It’s been a good few months for Bitcoin, with the world’s largest cryptocurrency hitting its ATH on the charts less than 48 hours ago. And yet, despite such bullishness, BTC at press time found itself a victim of corrections after a dramatic decision by Turkey’s Central Bank.
According to Resmi Gazette, the country’s official journal, the Central Bank of the Republic of Turkey has now imposed a ban on crypto-holders using their digital assets for payments, in addition to preventing payment providers from adding funds to their digital wallets at crypto-exchanges. In what is hugely significant legislation, the Central Bank of Turkey (CBRT) said that cryptocurrencies and other such digital assets based on distributed ledger technology cannot be used, directly or indirectly, as instruments of payment w.e.f 30 April.
“Payment service providers will not be able to develop business models in a way that crypto assets are used directly or indirectly in the provision of payment services and electronic money issuance, and will not be able to provide any services related to such business models.”
Here, it’s important to note that while banks are excluded from the regulations, which means that users can still deposit Turkish lira on crypto-exchanges using wire transfers from their bank accounts, payment providers will be unable to provide deposit or withdrawal services for crypto-exchanges.
Payment providers and digital wallets have been widely used in Turkey to transfer fiat funds to crypto-exchanges and vice versa. A weaker Turkish lira and inflation pressure also had driven up demand for the cryptocurrency. Just recently, Binance partnered with local payment provider Papara after it first entered the Turkish market to provide a lira onramp for several different cryptocurrencies. Even Ripplenet member KFH launched cross-border payments to Turkey.

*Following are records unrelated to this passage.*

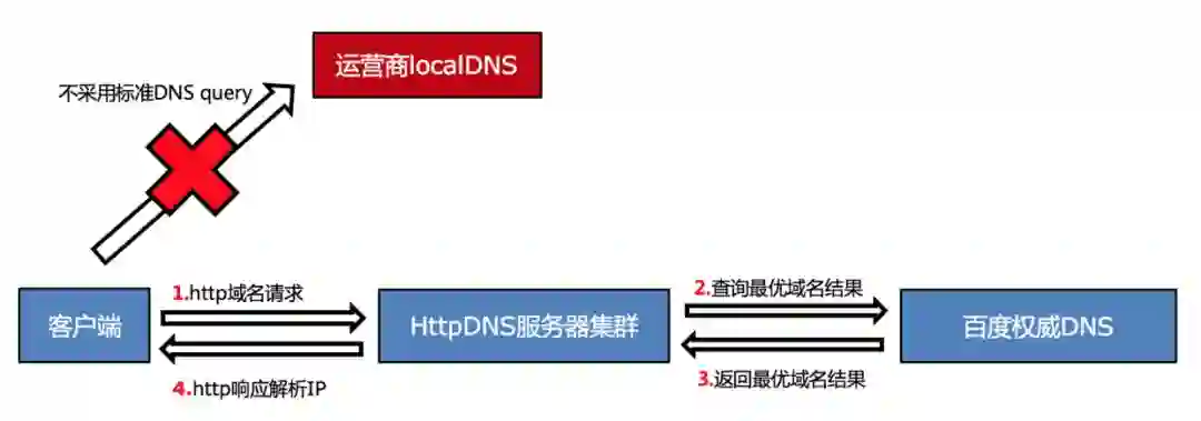 【2】解决了传输层协议的安全性后,我们要解决下域名解析的问题,上面我们提到 HTTPDNS 服务是基于 BGP 接入的,在端上采用 VIP 方式请求 HTTPDNS 数据(VIP 即 Virtual IP,VIP 并没有与某设备存在必定的绑定关系,会跟随主备切换之类的情况发生而变换,VIP 提供的服务是对应到某一台或若干台服务器的),既然请求原始数据需要使用 IP 直连的方式,那么就摆脱了运营商 localDNS 的解析限制,这样即使运营商出现了故障或者被劫持,都不会影响百度 App 的可用性。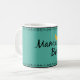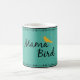 Fundo de turquesa com as palavras "Mama Pássaro" na rotulação preta e um pássaro do ouro que senta-se na rotulação. Um design preto está nas bordas superiores e inferiores.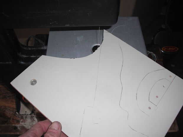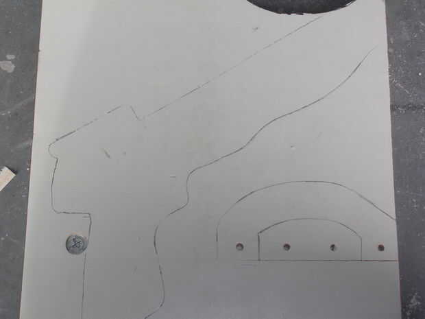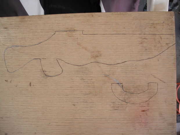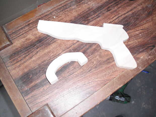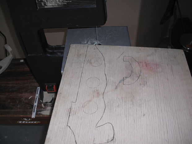 Dibujar un patrón de pistola en un pedazo de madera contrachapada. También dibujar un patrón de "Herradura" y cortar con una sierra de banda.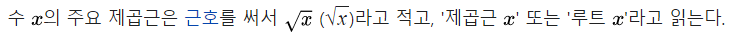 * 제곱근 : 어떤 수의 제곱에 대하여 그 어떤 수를 이르는 말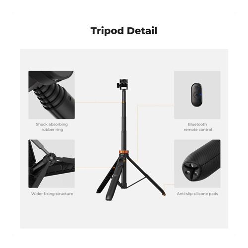 Este soporte de luz ha sido diseñado con una base más ancha y estable, incorporando almohadillas de silicona antideslizante en la parte inferior que garantizan firmeza y evitan deslizamientos. Además, el tubo de las patas cuenta con anillos de goma amortiguadores que refuerzan la estabilidad y rigidez del conjunto. Su estructura portátil de una sola pieza y diseño telescópico de 8 secciones permite ajustar la altura hasta un máximo de 175 cm, mientras que su tamaño plegado de solo 33 cm lo hace compacto y fácil de transportar en una mochila. En la parte superior, incluye un conector estándar de 1/4″, compatible con una amplia variedad de accesorios fotográficos como luces COB, luces de anillo, luces de bolsillo y más. También viene equipado con un clip para teléfono móvil y un adaptador para cámara deportiva de accion tipo GoPro, permitiendo su uso con distintos dispositivos. Este mini trípode soporta hasta 1 kg y ofrece una inclinación vertical de ±90°, ideal para capturar imágenes desde múltiples ángulos, ya sea en paisajes, retratos o escenas deportivas. Como valor añadido, incluye un control remoto Bluetooth independiente, perfecto para selfies o grabaciones en viajes, con funcionamiento continuo de hasta 10 horas y un diseño práctico que evita su pérdida.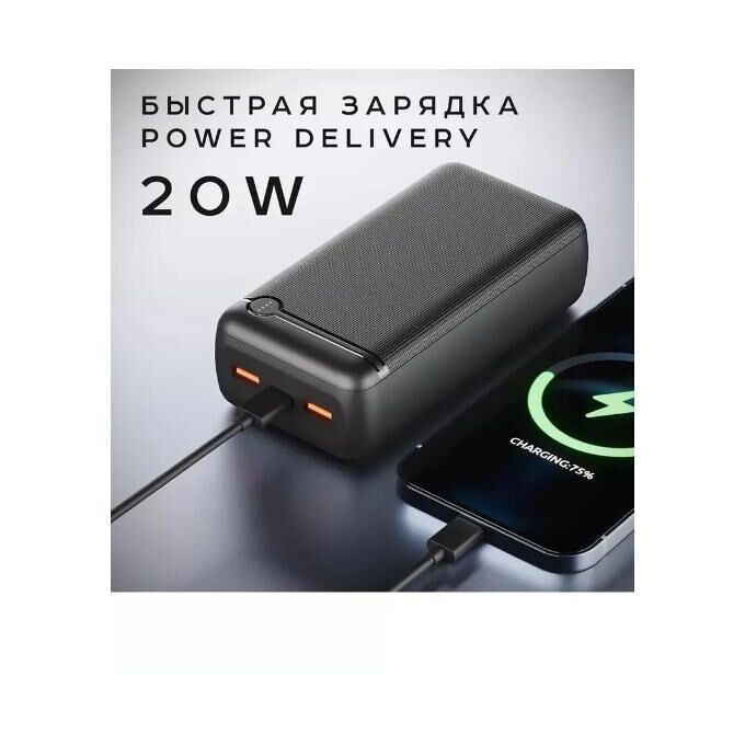 Внешний аккумулятор OLMIO P-10, 10000mAh, 20W, QuickCharge3.0/PowerDelivery черный

What this new regulation means is that users have two weeks to clear their balances if they exclusively use payment providers as fiat-to-crypto-gateways. The CBRT said that the ban was motivated by a lack of “central authority regulations” and “supervision mechanisms” for cryptocurrencies and other similar digital assets. Furthermore, the central bank added,
“Among other risks, cryptocurrencies “may cause non-recoverable losses for the parties to the transactions due to the lack of regulation.”

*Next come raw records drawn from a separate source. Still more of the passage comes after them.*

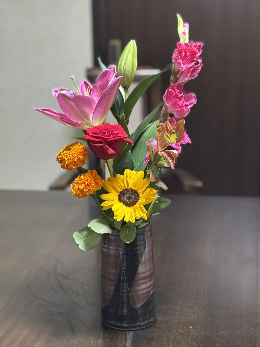 こちらは昨日同居の義父がとある会合で頂いてきた花たちです。
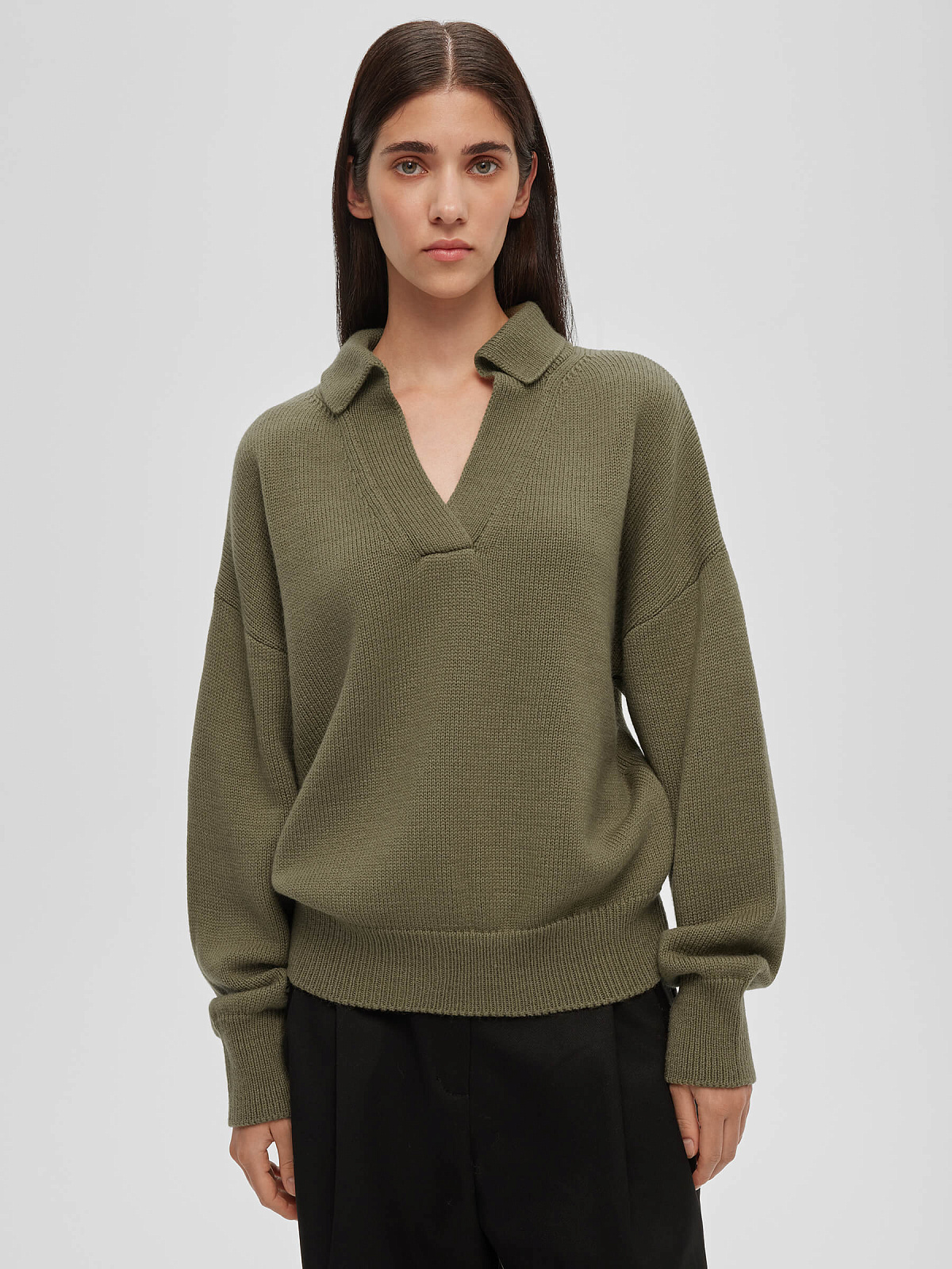 Джемпер-поло свободного кроя, светлый хаки
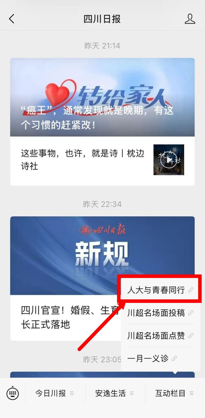 关注“四川日报”微信公众号,进入菜单栏选择“互动栏目”,点击“人大与青春同行”。

Historically, the Turkish government has always had a tight grip on the payment ecosystem. In 2016, Turkey banned major global payment provider PayPal. Last month, the Turkish Ministry of Treasury and Finance announced their intentions to monitor the crypto-ecosystem and work with the Central Bank, Banking Regulation and Supervision Agency, and Capital Markets Board to regulate crypto.
Turkey’s crypto and blockchain ecosystem welcomed 2020 with big ambitions and a strong track record from 2019, which was its best year ever in terms of adoption. BtcTurk, a leading local crypto-exchange, announced in August that over 1 million users were trading on the platform.
It was the volatile activity of the Turkish lira that attracted the attention of global markets in 2020 and fueled the asset class’s popularity in the country. In fact, according to the ‘Cryptocurrency Research Report,’ the number of crypto-owners in Turkey is over 2.4 million, or around 3% of the population.